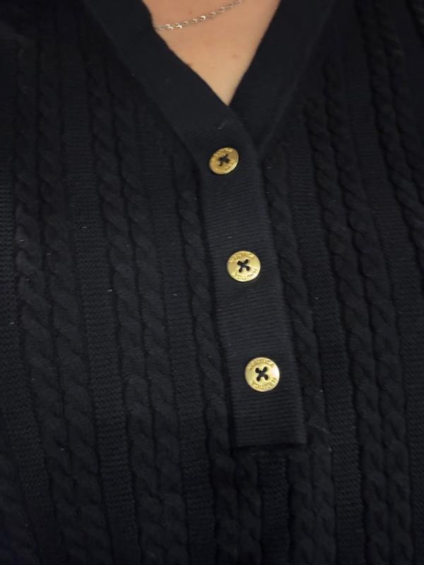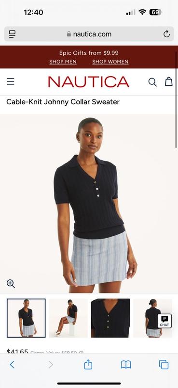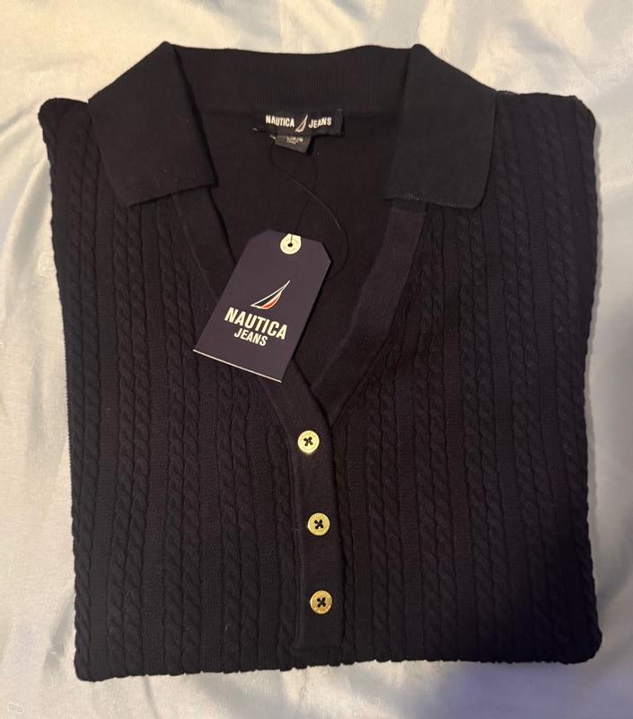 I returned this sweater-polo in yellow. The color was not at all what it looked like in the photos, it was very short (I do have a longer torso), and just did not look very good, in my opinion.
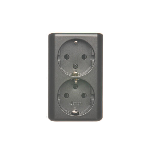 Dvojitá zásuvka s uzemnením typu Schuko s clonkami - škandinávska verzia, (kompletný výrobok), 16A, 250V, skrutkové svorky, antracitová
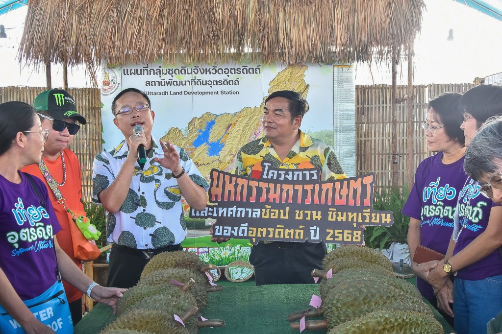 กิจกรรรมวันที่สอง (21 มิ.ย. 68) ช่วงเช้า คณะคาราวานรถยนต์ท่องเที่ยว เดินทางไปที่ “มูลนิธิพุทธภาวนาธรรม ไหว้องค์พระโพธิสัตว์กวนอิม และสักการะเทพเจ้าสิ่งศักดิ์สิทธิ์ เสริมสิริมงคลชีวิต,ไปชุมชนท่องเที่ยวปางต้นผึ้ง ต.ด่านนาขาม เที่ยวชมสถานีรถไฟปางต้นผึ้ง สะพานรถไฟกลับหัว ต้นผึ้งร้อยปี อุโมงค์น้ำลอด อุโมงค์รถไฟปางตูบขอบ , กลางวัน เที่ยวชม สวนทุเรียนรังสฤษฏ์ เพื่อรับประทานอาหาร ลิ้มรส ทุเรียน หลิน หลง และทุเรียนสายพันธ์ต่างๆ อ.ลับแล อย่างเพลิดเพลิน ด้วยบริการที่เป็นกันเองจากเกษตรกรเจ้าของสวน สร้างความประทับใจให้นักท่องเที่ยวเป็นอย่างมาก จากนั้นคณะคาราวานได้เดินทางเข้าเยี่ยมชมงานมหัศจรรย์ทุเรียน เมืองพระยาพิชัย ณ สนามกีฬาพระยาพิชัยดาบหัก ซึ่งภายในงานมีกิจกรรมประกวดทุเรียนยักษ์ ที่มีน้ำหนักมากที่สุด ลูกละ 9.3 กิโลกรัมด้วย ตอกย้ำถึงการส่งเสริมผลิตทุเรียนในจังหวัดอย่างมีประสิทธิภาพ และปิดท้ายในวันที่สอง ด้วยกิจกรรมงานเลี้ยงต้อนรับคณะนักท่อง โดยมี นายสันติ ป่าหวาย หัวหน้าผู้ตรวจราชการกระทรวงการท่องเที่ยวและกีฬา ให้เกียรติเป็นประธาน ซึ่งบรรยากาศเต็มไปด้วยความสนุกสานเป็นกันเอง ก่อนจะพักผ่อนตามอัธยาศัย
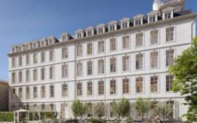 Cette réalisation d’exception mêle l’ancien et le neuf au coeur d’un jardin paysager et bénéficie d'un emplacement de premier choix en plein coeur de ville. L’immeuble ancien est réhabilité en 33 appartements (du studio au T5), dans le respect de l’histoire du bâtiment. Les volumétries historiques sont retrouvées et l’intégralité des éléments remarquables sont mis en valeur (verrière, fontaine, corbeaux et corniches, balustres ou encore escaliers).
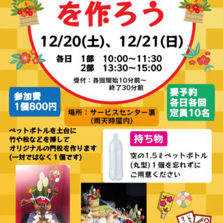 2. 【亀戸中央公園】12/20,21 「ペットボトルでミニ門松を作ろう」を実施いたします!
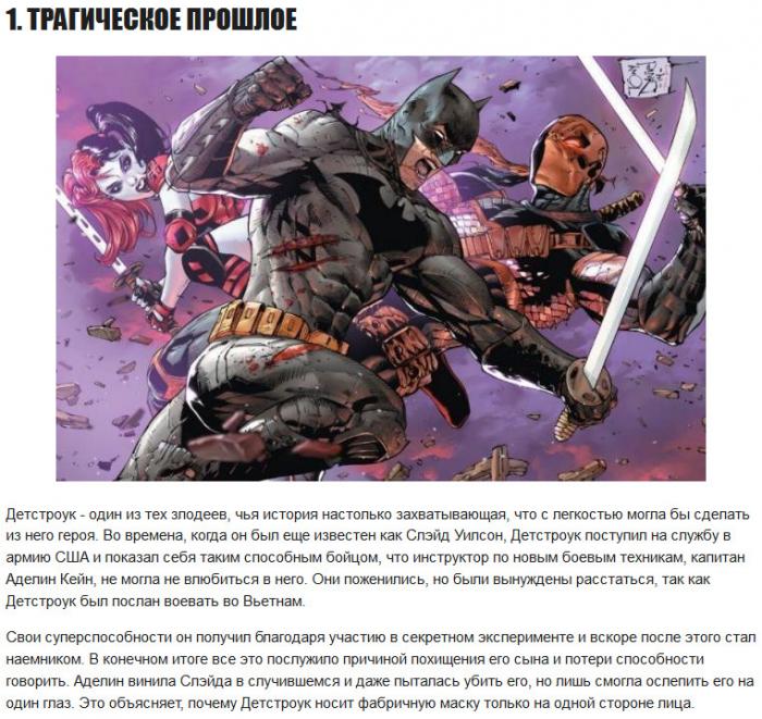 Волнующим дополнением фильма является главный злодей, Детстроук в исполнении Джо Манганьелло. Этот персонаж, также известный под именем Слэйд, никогда еще не появлялся в полнометражных фильмах. Для тех, кто не знаком со злодеем, ниже представлены 5 фактов, почему стоит увидеть дебют Детстроука.
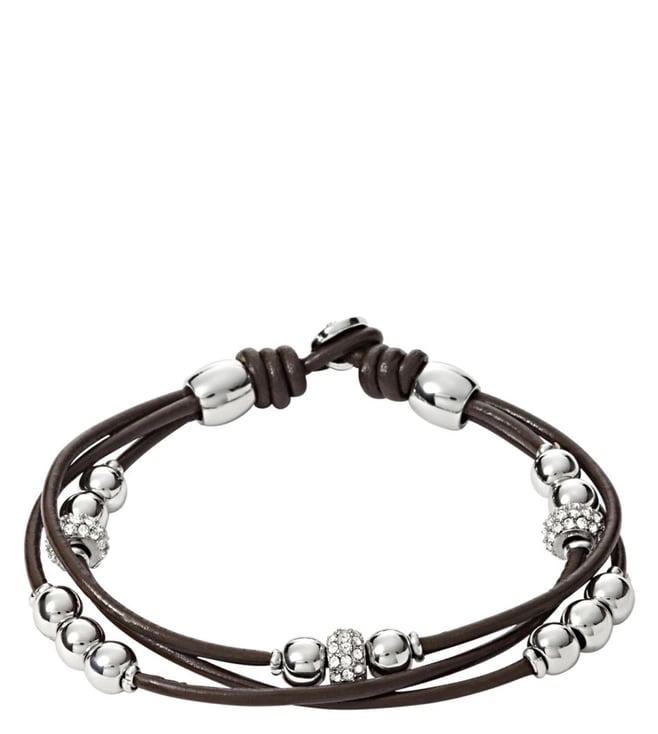 Wrap your wrist in multiple layers of leather bracelet from the house of Fossil which will contour your wrist fully. Crafted in glistening rondel beads benefit from an accent of classically brown on this luxe leather slider. This slider bracelet strands intertwined for a carefree and stylish appearance. This Fossil Bracelet is the perfect everyday accessory for any occasion.
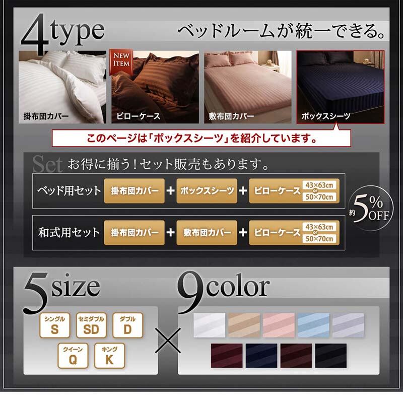 9色から選べるホテルスタイル ストライプサテンカバーリング ベッド用ボックスシーツ シングル
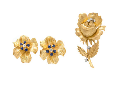 consisting of a pair of earrings with 10 round mixed cut sapphires weighing approximately 1.00 carat total and two round brilliant cut diamonds weighing approximately 0.18 carat total, together with an Italian brooch in a realistic sculpted rose design, containing five round single cut diamonds weighing approximately 0.27 carat total.Stamp: 18K DES. IN ITALY. Stamp: 18K.
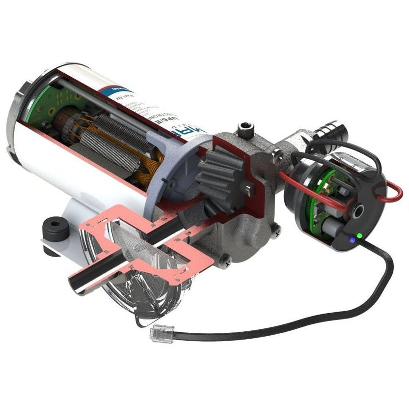 Elettropompa autoadescante ad ingranaggi in PEEK elicoidali, valvola di non ritorno e controllo elettronico. Corpo e connessioni in ottone nichelato, albero in acciaio inossidabile. Principali impieghi: pompa autoclave, sistemi doccetta per yacht, gommoni, barche a vela e camper.
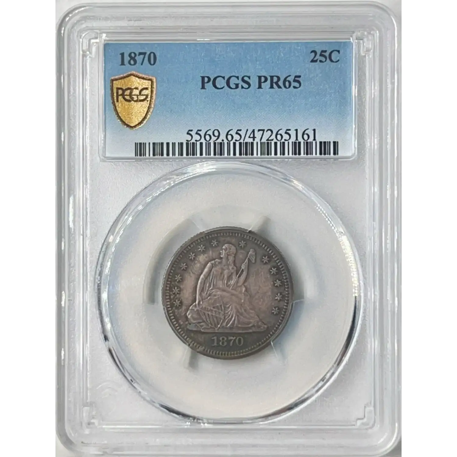 1870 Seated Liberty Quarter PCGS PR-65
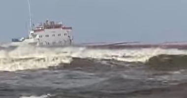 جنوح السفينةوتعرضت السفينة للجنوح، ودفعتها التيارات المائية القوية باتجاه الشاطئ، وسط صعوبة في التحكم بمسارها بسبب شدة الرياح وارتفاع الأمواج.
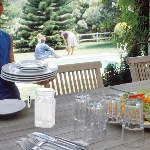 Ben je op zoek naar een glazen karaf? Deze glazen karaffen hebben een mooi design en zijn handig in gebruik. De karaf is gemaakt van stevig glas en schenkt gemakkelijk. Ook heeft het een handige deksel waarmee je de inhoud beschermt tegen vliegen en andere ongedierte. De karaf heeft een inhoud van ongeveer 0,5 liter. Dit is geschikt om een klein groepjes mensen te voorzien van water met munt, of bijvoorbeeld versgeperste jus d'orange. De karaf is een set van 2. Zo kun je meerdere karaffen op tafel zetten waar iedereen bij kan.
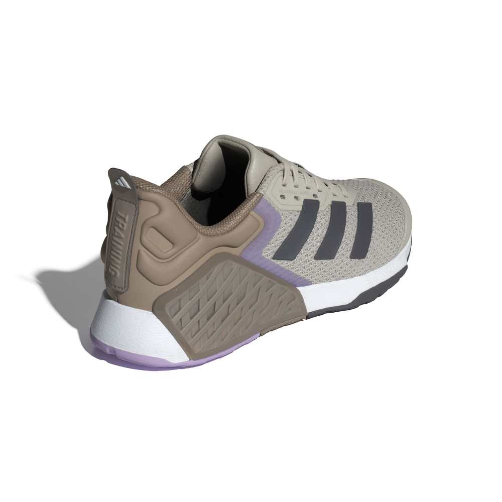 • Meet the Dropset 3 W, a training shoe designed for women who aim to become stronger and healthier. Crafted with a wide fit for strength training, these shoes are made from textile and rubber materials, ensuring durability and comfort. The dual-density midsole is stiffer in the heel and softer in the forefoot, providing stability and support during workouts. The Heat.Rdy technology keeps you cool while Traxion offers optimal traction. Made in part with recycled materials, these shoes not only enhance performance but also contribute to sustainability. Lace up and achieve your goals with Dropset 3 W.
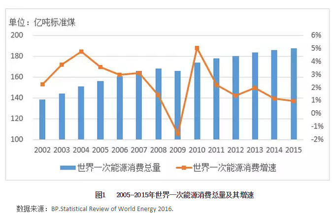 2012年以來,全球能源消費增速顯著趨于放緩。根據(jù)BP統(tǒng)計數(shù)據(jù),2012年之前的10年間,世界一次能源消費總量由2002年的138.8億噸標(biāo)準(zhǔn)煤增加到2012年的180.3億噸標(biāo)準(zhǔn)煤,年均增加近4.2億噸標(biāo)準(zhǔn)煤,年均增速為2.7%。這一時期較快增長的能源需求主要由高速發(fā)展的中國經(jīng)濟(jì)所拉動,10年間中國能源消費量增加了23.4億噸標(biāo)準(zhǔn)煤,占同期世界能源消費總增加量41.5億噸標(biāo)準(zhǔn)煤的56.4%。從2012年開始,世界能源需求呈現(xiàn)疲軟態(tài)勢,增速逐步放緩,2012年、2013年、2014年和2015年世界一次能源消費增速分別為1.4%、2.0%、1.1%和1.0%,顯著低于之前10年2.7%的年均增速(如圖1所示)。導(dǎo)致這一現(xiàn)象的原因主要有兩個:一是發(fā)達(dá)國家在經(jīng)歷2007、2008年金融危機(jī)后,經(jīng)濟(jì)尚未完全復(fù)蘇,能源需求疲軟。以北美、歐洲及歐亞地區(qū)為例,2015年北美一次能源消費量為39.9億噸標(biāo)準(zhǔn)煤,盡管與2012年相比略微增加,但仍低于2008年40.3億噸標(biāo)準(zhǔn)煤的消費量;歐洲及歐亞地區(qū)2015年一次能源消費量為40.5億噸標(biāo)準(zhǔn)煤,相比于2008年下降了6.2%[1]。二是新興市場國家經(jīng)濟(jì)增速放緩及產(chǎn)業(yè)結(jié)構(gòu)調(diào)整降低了能源需求增速。其中最具有代表的是中國,隨著經(jīng)濟(jì)發(fā)展進(jìn)入新常態(tài),產(chǎn)業(yè)結(jié)構(gòu)的深度調(diào)整和持續(xù)升級使得能耗較高的重工業(yè)在經(jīng)濟(jì)總量中所占的比重持續(xù)下降,能源需求進(jìn)入低速增長階段。中國的消費增速由2011年的7.3%下降到2015年的0.9%,趨近于世界平均水平[2]。另外,根據(jù)BP的統(tǒng)計數(shù)據(jù),中國能源消費的增長量占世界總增長量的比例由2011年的74.5%降到2015年的34.4%,對能源需求總量的拉動作用明顯減弱。
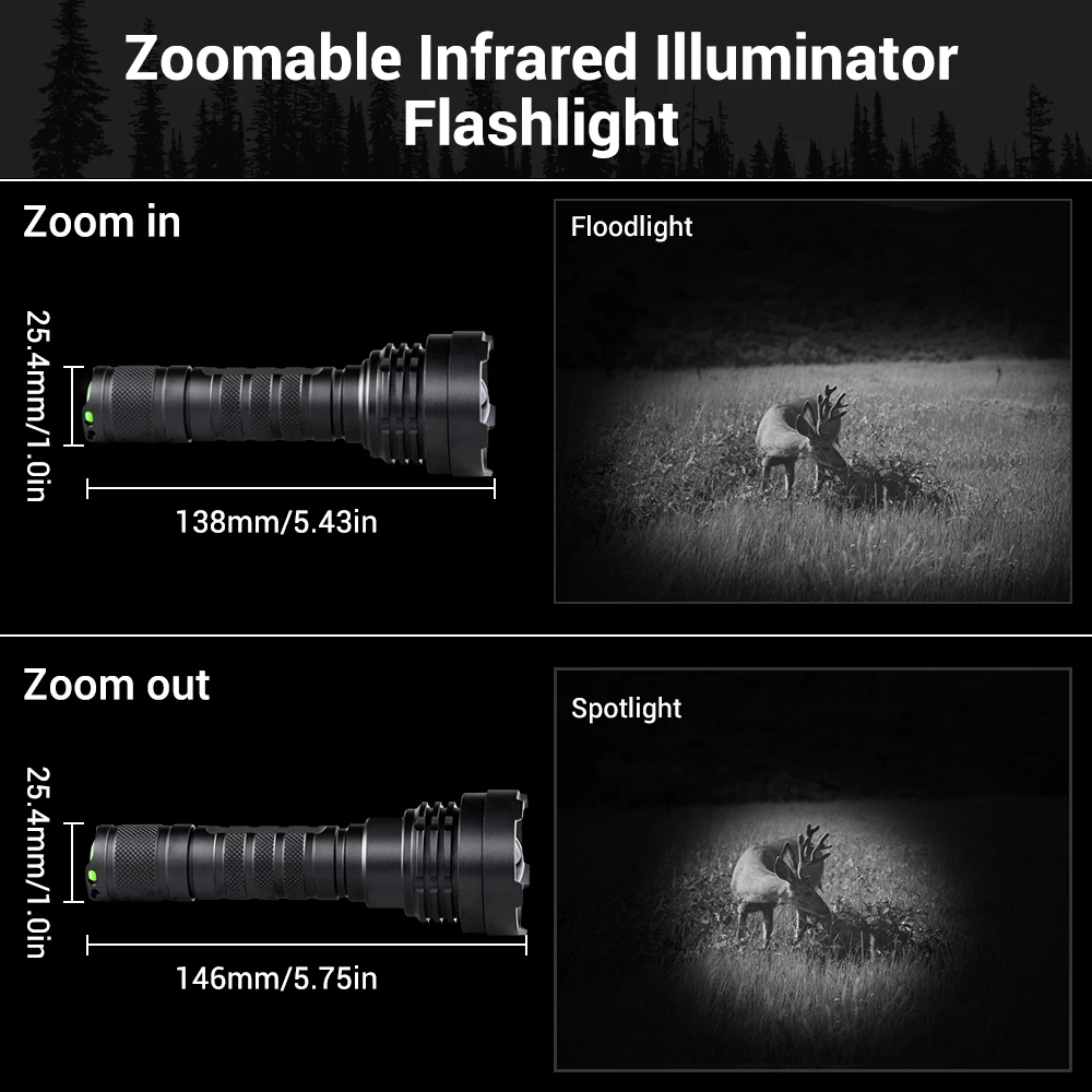 Linterna infrarroja VCSEL de 850nm/940nm, iluminador IR con zoom, emisor de diodo ajustable, luz de caza para escopo de visión nocturna

+ + +

-- Exercise instructions --
Write the listing above out again exactly, but not the images it holds.

-- Response --
 I returned this sweater-polo in yellow. The color was not at all what it looked like in the photos, it was very short (I do have a longer torso), and just did not look very good, in my opinion.
 Dvojitá zásuvka s uzemnením typu Schuko s clonkami - škandinávska verzia, (kompletný výrobok), 16A, 250V, skrutkové svorky, antracitová
 กิจกรรรมวันที่สอง (21 มิ.ย. 68) ช่วงเช้า คณะคาราวานรถยนต์ท่องเที่ยว เดินทางไปที่ “มูลนิธิพุทธภาวนาธรรม ไหว้องค์พระโพธิสัตว์กวนอิม และสักการะเทพเจ้าสิ่งศักดิ์สิทธิ์ เสริมสิริมงคลชีวิต,ไปชุมชนท่องเที่ยวปางต้นผึ้ง ต.ด่านนาขาม เที่ยวชมสถานีรถไฟปางต้นผึ้ง สะพานรถไฟกลับหัว ต้นผึ้งร้อยปี อุโมงค์น้ำลอด อุโมงค์รถไฟปางตูบขอบ , กลางวัน เที่ยวชม สวนทุเรียนรังสฤษฏ์ เพื่อรับประทานอาหาร ลิ้มรส ทุเรียน หลิน หลง และทุเรียนสายพันธ์ต่างๆ อ.ลับแล อย่างเพลิดเพลิน ด้วยบริการที่เป็นกันเองจากเกษตรกรเจ้าของสวน สร้างความประทับใจให้นักท่องเที่ยวเป็นอย่างมาก จากนั้นคณะคาราวานได้เดินทางเข้าเยี่ยมชมงานมหัศจรรย์ทุเรียน เมืองพระยาพิชัย ณ สนามกีฬาพระยาพิชัยดาบหัก ซึ่งภายในงานมีกิจกรรมประกวดทุเรียนยักษ์ ที่มีน้ำหนักมากที่สุด ลูกละ 9.3 กิโลกรัมด้วย ตอกย้ำถึงการส่งเสริมผลิตทุเรียนในจังหวัดอย่างมีประสิทธิภาพ และปิดท้ายในวันที่สอง ด้วยกิจกรรมงานเลี้ยงต้อนรับคณะนักท่อง โดยมี นายสันติ ป่าหวาย หัวหน้าผู้ตรวจราชการกระทรวงการท่องเที่ยวและกีฬา ให้เกียรติเป็นประธาน ซึ่งบรรยากาศเต็มไปด้วยความสนุกสานเป็นกันเอง ก่อนจะพักผ่อนตามอัธยาศัย
 Cette réalisation d’exception mêle l’ancien et le neuf au coeur d’un jardin paysager et bénéficie d'un emplacement de premier choix en plein coeur de ville. L’immeuble ancien est réhabilité en 33 appartements (du studio au T5), dans le respect de l’histoire du bâtiment. Les volumétries historiques sont retrouvées et l’intégralité des éléments remarquables sont mis en valeur (verrière, fontaine, corbeaux et corniches, balustres ou encore escaliers).
 2. 【亀戸中央公園】12/20,21 「ペットボトルでミニ門松を作ろう」を実施いたします!
 Волнующим дополнением фильма является главный злодей, Детстроук в исполнении Джо Манганьелло. Этот персонаж, также известный под именем Слэйд, никогда еще не появлялся в полнометражных фильмах. Для тех, кто не знаком со злодеем, ниже представлены 5 фактов, почему стоит увидеть дебют Детстроука.
 Wrap your wrist in multiple layers of leather bracelet from the house of Fossil which will contour your wrist fully. Crafted in glistening rondel beads benefit from an accent of classically brown on this luxe leather slider. This slider bracelet strands intertwined for a carefree and stylish appearance. This Fossil Bracelet is the perfect everyday accessory for any occasion.
 9色から選べるホテルスタイル ストライプサテンカバーリング ベッド用ボックスシーツ シングル
 consisting of a pair of earrings with 10 round mixed cut sapphires weighing approximately 1.00 carat total and two round brilliant cut diamonds weighing approximately 0.18 carat total, together with an Italian brooch in a realistic sculpted rose design, containing five round single cut diamonds weighing approximately 0.27 carat total.Stamp: 18K DES. IN ITALY. Stamp: 18K.
 Elettropompa autoadescante ad ingranaggi in PEEK elicoidali, valvola di non ritorno e controllo elettronico. Corpo e connessioni in ottone nichelato, albero in acciaio inossidabile. Principali impieghi: pompa autoclave, sistemi doccetta per yacht, gommoni, barche a vela e camper.
 1870 Seated Liberty Quarter PCGS PR-65
 جنوح السفينةوتعرضت السفينة للجنوح، ودفعتها التيارات المائية القوية باتجاه الشاطئ، وسط صعوبة في التحكم بمسارها بسبب شدة الرياح وارتفاع الأمواج.
 Ben je op zoek naar een glazen karaf? Deze glazen karaffen hebben een mooi design en zijn handig in gebruik. De karaf is gemaakt van stevig glas en schenkt gemakkelijk. Ook heeft het een handige deksel waarmee je de inhoud beschermt tegen vliegen en andere ongedierte. De karaf heeft een inhoud van ongeveer 0,5 liter. Dit is geschikt om een klein groepjes mensen te voorzien van water met munt, of bijvoorbeeld versgeperste jus d'orange. De karaf is een set van 2. Zo kun je meerdere karaffen op tafel zetten waar iedereen bij kan.
 • Meet the Dropset 3 W, a training shoe designed for women who aim to become stronger and healthier. Crafted with a wide fit for strength training, these shoes are made from textile and rubber materials, ensuring durability and comfort. The dual-density midsole is stiffer in the heel and softer in the forefoot, providing stability and support during workouts. The Heat.Rdy technology keeps you cool while Traxion offers optimal traction. Made in part with recycled materials, these shoes not only enhance performance but also contribute to sustainability. Lace up and achieve your goals with Dropset 3 W.
 2012年以來,全球能源消費增速顯著趨于放緩。根據(jù)BP統(tǒng)計數(shù)據(jù),2012年之前的10年間,世界一次能源消費總量由2002年的138.8億噸標(biāo)準(zhǔn)煤增加到2012年的180.3億噸標(biāo)準(zhǔn)煤,年均增加近4.2億噸標(biāo)準(zhǔn)煤,年均增速為2.7%。這一時期較快增長的能源需求主要由高速發(fā)展的中國經(jīng)濟(jì)所拉動,10年間中國能源消費量增加了23.4億噸標(biāo)準(zhǔn)煤,占同期世界能源消費總增加量41.5億噸標(biāo)準(zhǔn)煤的56.4%。從2012年開始,世界能源需求呈現(xiàn)疲軟態(tài)勢,增速逐步放緩,2012年、2013年、2014年和2015年世界一次能源消費增速分別為1.4%、2.0%、1.1%和1.0%,顯著低于之前10年2.7%的年均增速(如圖1所示)。導(dǎo)致這一現(xiàn)象的原因主要有兩個:一是發(fā)達(dá)國家在經(jīng)歷2007、2008年金融危機(jī)后,經(jīng)濟(jì)尚未完全復(fù)蘇,能源需求疲軟。以北美、歐洲及歐亞地區(qū)為例,2015年北美一次能源消費量為39.9億噸標(biāo)準(zhǔn)煤,盡管與2012年相比略微增加,但仍低于2008年40.3億噸標(biāo)準(zhǔn)煤的消費量;歐洲及歐亞地區(qū)2015年一次能源消費量為40.5億噸標(biāo)準(zhǔn)煤,相比于2008年下降了6.2%[1]。二是新興市場國家經(jīng)濟(jì)增速放緩及產(chǎn)業(yè)結(jié)構(gòu)調(diào)整降低了能源需求增速。其中最具有代表的是中國,隨著經(jīng)濟(jì)發(fā)展進(jìn)入新常態(tài),產(chǎn)業(yè)結(jié)構(gòu)的深度調(diào)整和持續(xù)升級使得能耗較高的重工業(yè)在經(jīng)濟(jì)總量中所占的比重持續(xù)下降,能源需求進(jìn)入低速增長階段。中國的消費增速由2011年的7.3%下降到2015年的0.9%,趨近于世界平均水平[2]。另外,根據(jù)BP的統(tǒng)計數(shù)據(jù),中國能源消費的增長量占世界總增長量的比例由2011年的74.5%降到2015年的34.4%,對能源需求總量的拉動作用明顯減弱。
 Linterna infrarroja VCSEL de 850nm/940nm, iluminador IR con zoom, emisor de diodo ajustable, luz de caza para escopo de visión nocturna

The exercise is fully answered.